Kosten und Vorteile einer Heizungsmodernisierung

Kurz und kompakt

  • Durch eine Heizungsmodernisierung können Sie bis zu 60 Prozent Energie bei der Warmwasserbereitung und bis zu 30 Prozent beim Heizen sparen. Damit senken Sie Ihre Kosten und schonen die Umwelt.

  • Je nach Maßnahme können Sie für eine Heizungsmodernisierung Zuschüsse und zinsgünstige Förderkredite bekommen.

  • Für bestimmte ältere Standard- und Konstanttemperaturkessel besteht eine gesetzliche Austauschpflicht. Brennwert- und Niedertemperaturkessel sind davon nicht betroffen.

Effizienter heizen und dadurch Heizkosten senken

Eine Heizungserneuerung birgt das höchste Energieeinsparpotenzial bei einer Immobilie. Wann Sie Ihre Heizung modernisieren sollten, welche Modernisierungsmaßnahmen sich lohnen und welche Förderprogramme der Staat bietet, erfahren Sie hier.

Warum und wann sollten Sie Ihre Heizung modernisieren?

Für Hausbesitzerinnen und Hausbesitzer gibt es viele Gründe für eine Heizungsmodernisierung. Der Wichtigste: Die alte Heizung bringt nicht mehr die gewohnte Leistung, während gleichzeitig der Verbrauch und damit die Heizkosten ungewöhnlich hoch sind. So werden die Räume trotz erheblichem Verbrauch nicht richtig warm. Dabei kann der Heizkessel in manchen Fällen so alt sein, dass sich eine Reparatur nicht mehr lohnt. Hinzu kommt, dass bei einigen alten Heizkesseln ohnehin die gesetzliche Austauschpflicht greift. Hiervon betroffen sind Standard- und Konstanttemperaturkessel, die 30 Jahre oder älter sind. Brennwert- und Niedertemperaturkessel mit höherem Wirkungsgrad sind von dieser Regelung ausgenommen.

Die gesetzlichen Vorgaben zur Heizungsmodernisierung ergeben sich aus dem Gebäudemodernisierungsgesetz (GMG). Es ersetzt das vorherige Gebäudeenergiegesetz (GEG) und räumt Eigentümerinnen und Eigentümern mehr Entscheidungsfreiheit bei der Wahl ihrer Heiztechnik ein. Trotzdem gelten für ältere Standard- und Konstanttemperaturkessel weiterhin gesetzliche Austauschpflichten.

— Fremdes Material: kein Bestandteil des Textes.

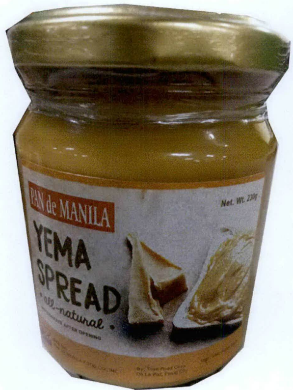
Figure 3. Unregistered PAN DE MANILA Yema Spread
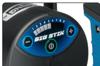
Electronic speed adjustment with LED indicator
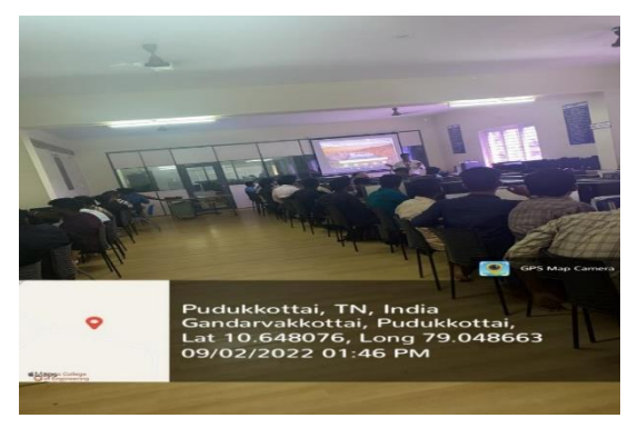
Explanation part in session
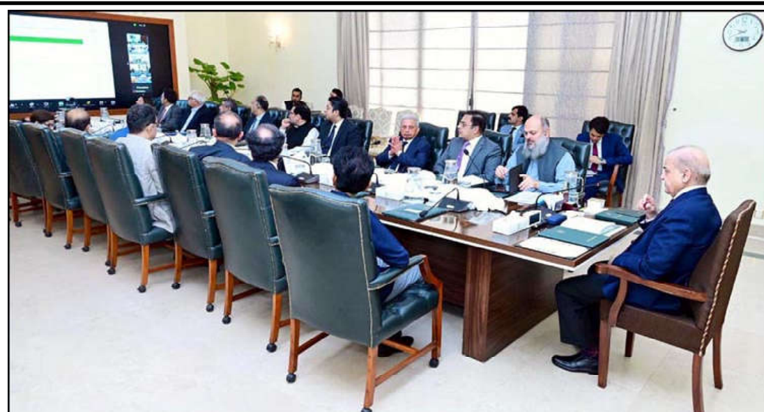
ISLAMABAD: Prime Minister Muhammad Shehbaz Sharif chairs a meeting regarding development of gemstone sector.

participants that the government would not allow smuggling of the gemstones and sought a report on the subject within a week, after consultation with the GB government. The prime minister also called for the priority measures to achieve the international certification of Pakistan's gemstones. In the briefing, it was told that a total of 178 licenses had so far been issued for mining of gemstones.
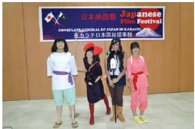
The four cosplayers dressed up as one of the characters from Studio Ghibli’s films

On this occasion, Cosplay (costume play) was organized by Metal Seinen, a Pakistani youth group who are actively engaged in promoting Japanese pop culture in Pakistan. To felicitate the first screening of Studio Ghibli’s film in Pakistan, four cosplayers dressed up respectively as one of the characters from its films, and gave a brief talk on how they are enchanted by Studio Ghibli’s films.
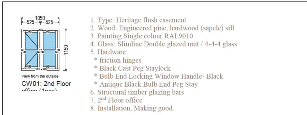
Figure 4: Description of works quoted by Woodcraft Windows: Second floor window

It is intended to replace the windows like for like with wooden windows with slimline double glazing as per the description provided by Woodcraft Windows.
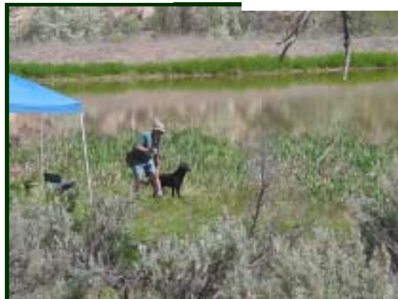
Fred Lysinger on the water series
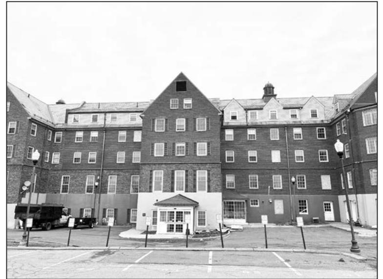
Westside entrance of the current building under review and located at 85 Parker Hill Avenue.

“We need more talking to each other,” he said. “I’m sure there are quite a few people here who could take us around or give us the other perspective... and to
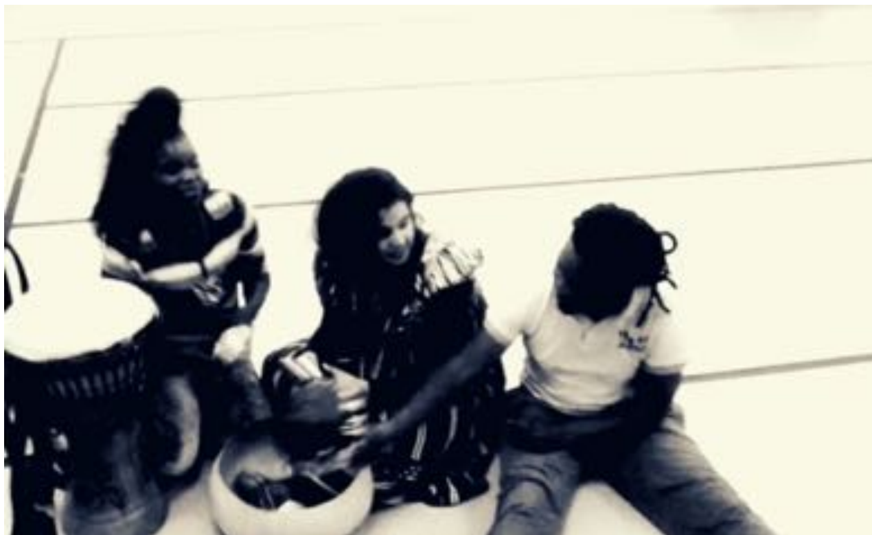
IARL - experiences
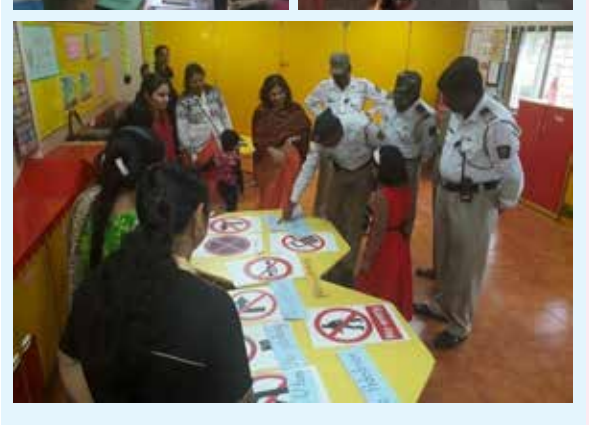
Children learned how to follow the traffic rules.
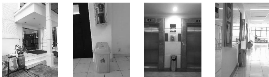
Fig 2 Waste Container for Collection in Campus

The waste collection system at President University using one dustbin placed in front of the building, classroom, lecture room, and toilet (Figure 2). If it is adjusted based on SNI 19-2454-2002 about " Tata Cara Teknik Operasional Pengelolaan Sampah Perkotaan, " waste storage here is still not following the type of waste that is disaggregated, such as organic waste, inorganic waste, and hazardous toxic waste. The waste collection system at President University collected through the door to door service and disposed-off behind the campus by cleaning service (Figure 3).
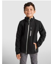
ANTARTIDA KIDS K6432
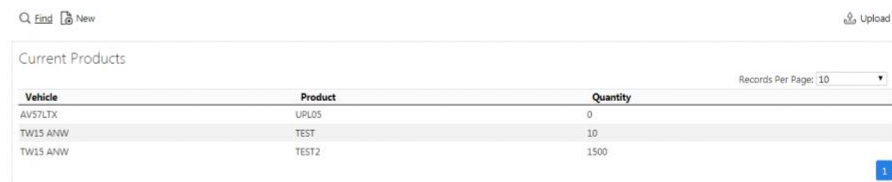
Vehicle Products Search Panel and Results table

Once you have entered the criteria, click Search . The screen will display a table of all the matching data. Any plain text boxes will match data that contains what you enter as the criterion.
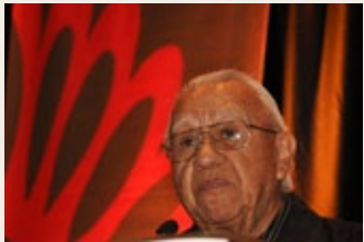
Indian Country Leadership Awards Announced
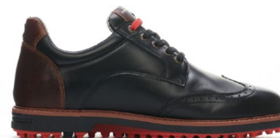
BLACK 125492-09 (2nd lace colour: red)
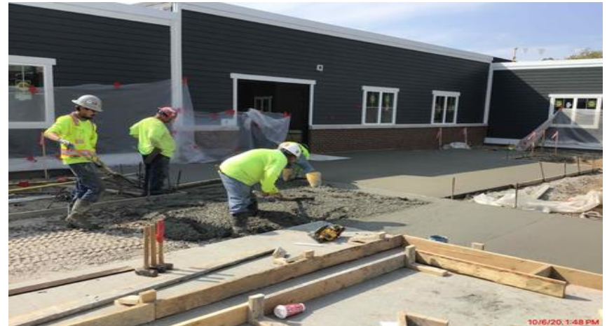
Site Sidewalks – 10/6/2020
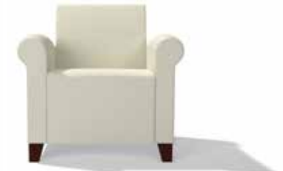
ROUND Shown with square back and integrated valance.
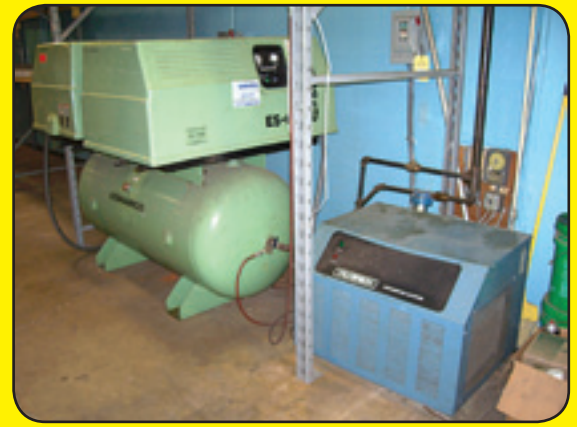
Sullair ES-6 Twin Pac Air Compressor & Wilkerson Refrigerated Air Dryer
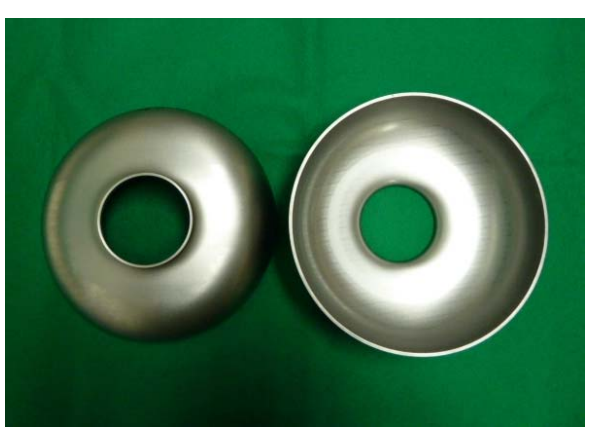
Figure 3: Niobium half-cells.
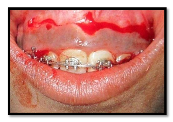
Fig 2: Incision and reflection
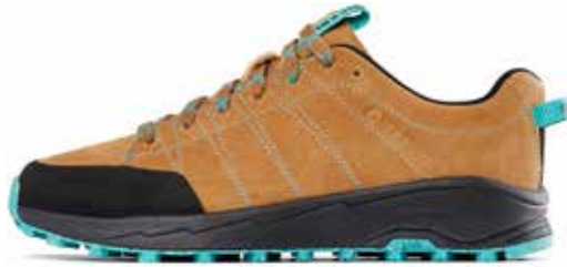
Tind M RB9X® Almond/Mint G93015-0B
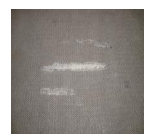
Current example of carpet
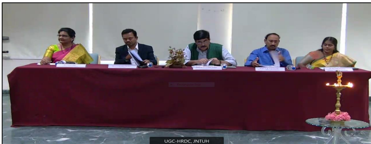
Inaugural function of two programmes UGC sponsored Short Term Course on “Softskills and Professional Ethics” and AICTE sponsored STTP Programme on “3D Printing for Sustainable Development” held on October 25, 2021

The academic administrators of the Institutions/Colleges should encourage the teaching faculty for attending the Faculty Development Programmes for their professional development. So, the HRDC of JNTUH is conducting the workshops for the academic administrators, Principals and Head of the Departments every year, to enable them to gain exposure on the changing pedagogical practices and also to encourage their respective faculty for attending the programmes.
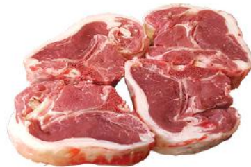
Lamb Neck Chops
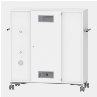
Lockable door for easy connection of the devices
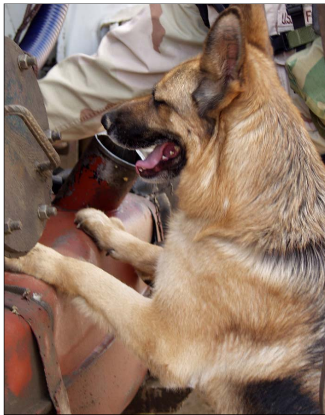
Exa, a military working dog for the 506th Expeditionary Security Forces Squadron, checks a vehicle during a routine inspection recently.

"Occasionally we've found things from remote-control parts, various
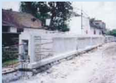
Package OP-02, Klaten - Kartasura PC I-girder, 24 Nos, L32m-35m H1,85m PC I-girder, 12 Nos, L26m H1,5m Central Java
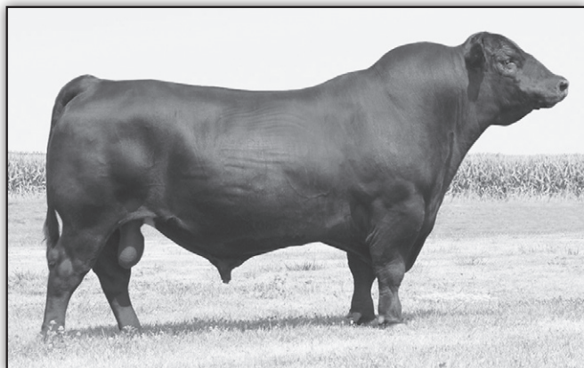
SS Incentive 9J17
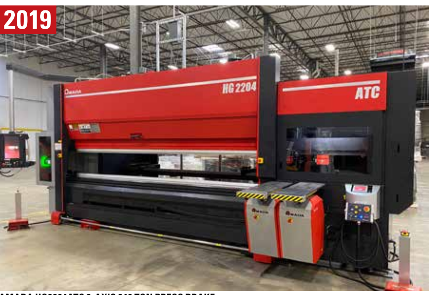
AMADA HG2204ATC 8-AXIS 240 TON PRESS BRAKE

(3) AMADA RG-80 88 Ton CNC Press Brakes, s/n 811650, 811057, 807768, NC-9EXII Control, 94.6" Table Length, 98.7" Max Bending Length, 80.8" Distance Between Uprights, 15.76" Throat Depth, 3.94" Stroke, 14.58" Open Height
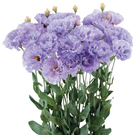
Celeb 2 Amethyst ver.2 (F17-609) The hardness of the flower neck of Celeb 2 Amethyst has been improved. Other features are almost the same.
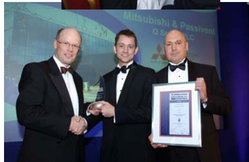
Mitsubishi collects Technical Innovation of the Year
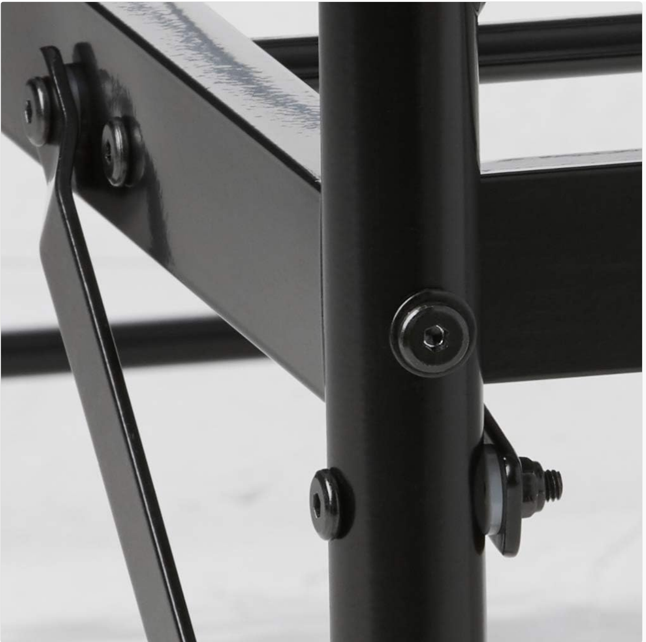
Image: Detail of a bolt for securing the frame.
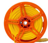
Test lead for earth resistance mea- surement 50 m
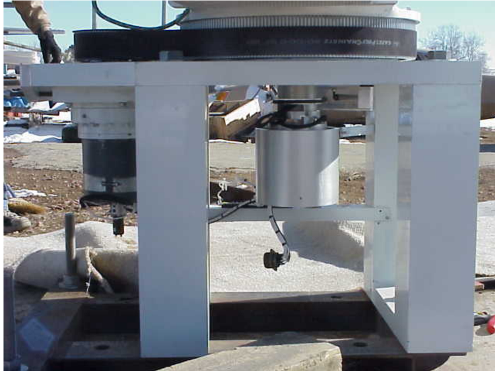
Closeup View Of Pedestal Mechanism
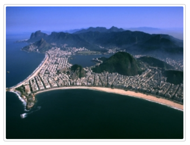
Day 7 RIO DE JANEIRO CITY TOUR

Breakfast in the Pousada. Transfer from São João Del Rey to Petropolis. In Petropolis, visit the Imperial Museum. From Petropolis, transfer to the nearby "Marvelous City" of Rio de Janeiro. Check into one of the high-quality hotels on Copacabana Beach.
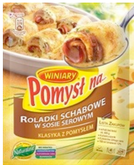
16881. Roladki sch-serowe 30g
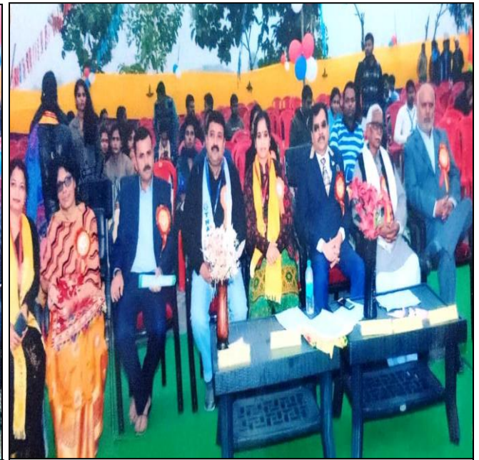
Alumni of Session 2014-15
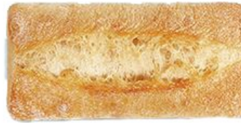
Ciabatta Allegro Sandwich Roll
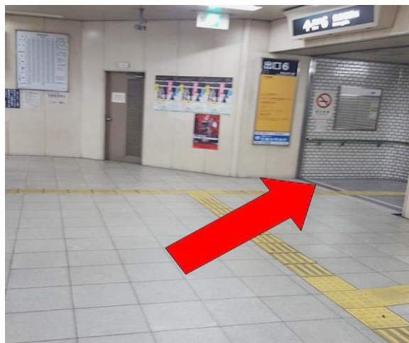
① Go out Exit No. 6 of Shijo Station
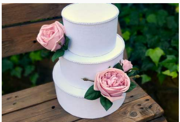
Cake flowers Price $55
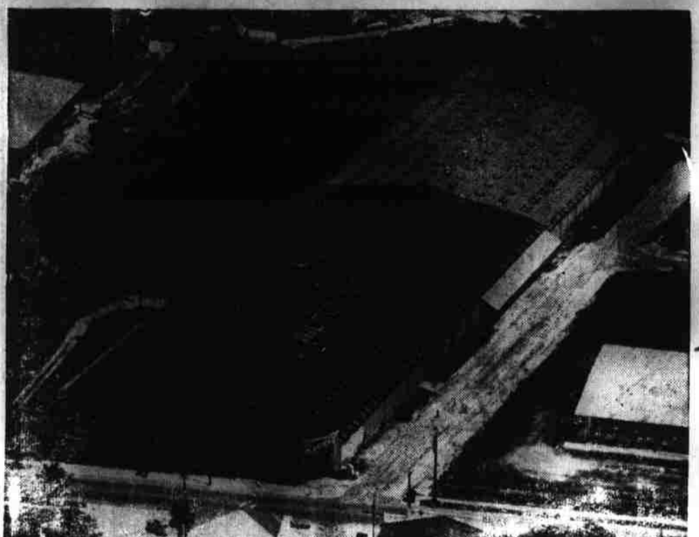
AERIAL VIEW NEW PLANTERS WAREHOUSE No. 2

The Greatest Sales ORGANIZATION in the World Will Operate
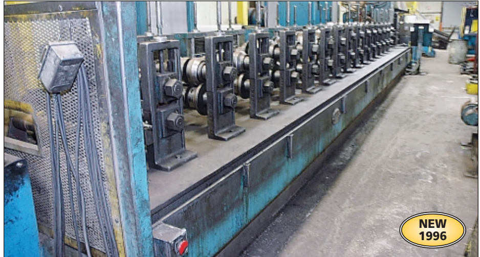
Yoder 3" Arbor X 15-Stand Model MS3 Roll Former

Line Tooled to Roll: 3" X 3" & 3" X 1-5/8" Open Back and Welded Closed Back Posts at Speeds of Approx. 55 SPM, 2-1/2" – 6" Face Welded Step Beam at Speeds of Up to 100 FPM
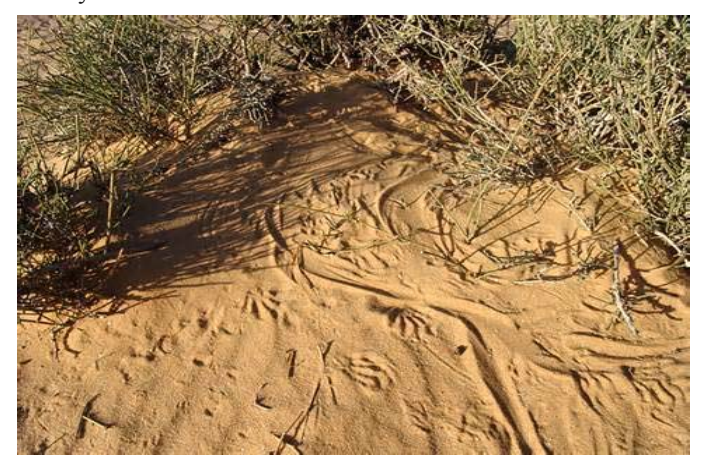
Fig 2: Presence of Sign of Varanus spp. (Foot Claws Print, Tail Signs etc.)

In present studies, it was found that two species of Varanids are present in Karachi and Thatta districts of Sindh, in which Varanus bengalensis is most commonly occurring in study selected areas (Karachi and Thatta). Varanus bengalensis show much variation and distribution in their natural habitats and rich in numbers.mostly found in natural habitats in Thatta area, but in Karachi several new types of (un-natural) habitats were observed. While Varanus griseus is only occurring in their natural habitat in Thatta only. All Varanus species are threatening by human activities and need special conservational management & research in to the natural history.

Wenn Ihre Heizungsanlage zwischen 15 und 20 Jahre alt ist, sollten Sie über Modernisierungsmaßnahmen nachdenken. Der beste Zeitpunkt für eine Heizungsmodernisierung ist der Sommer. Denn in dieser Jahreszeit benötigen Sie Heizenergie nur für die Warmwasserbereitung und nicht für das Erwärmen Ihrer Räume. Außerdem kann eine Modernisierung Ihrer Heizung aufgrund unerwarteter Probleme wie Lieferschwierigkeiten mehr Zeit in Anspruch nehmen als geplant. Deshalb ist eine Heizungsmodernisierung in den warmen Monaten ratsam.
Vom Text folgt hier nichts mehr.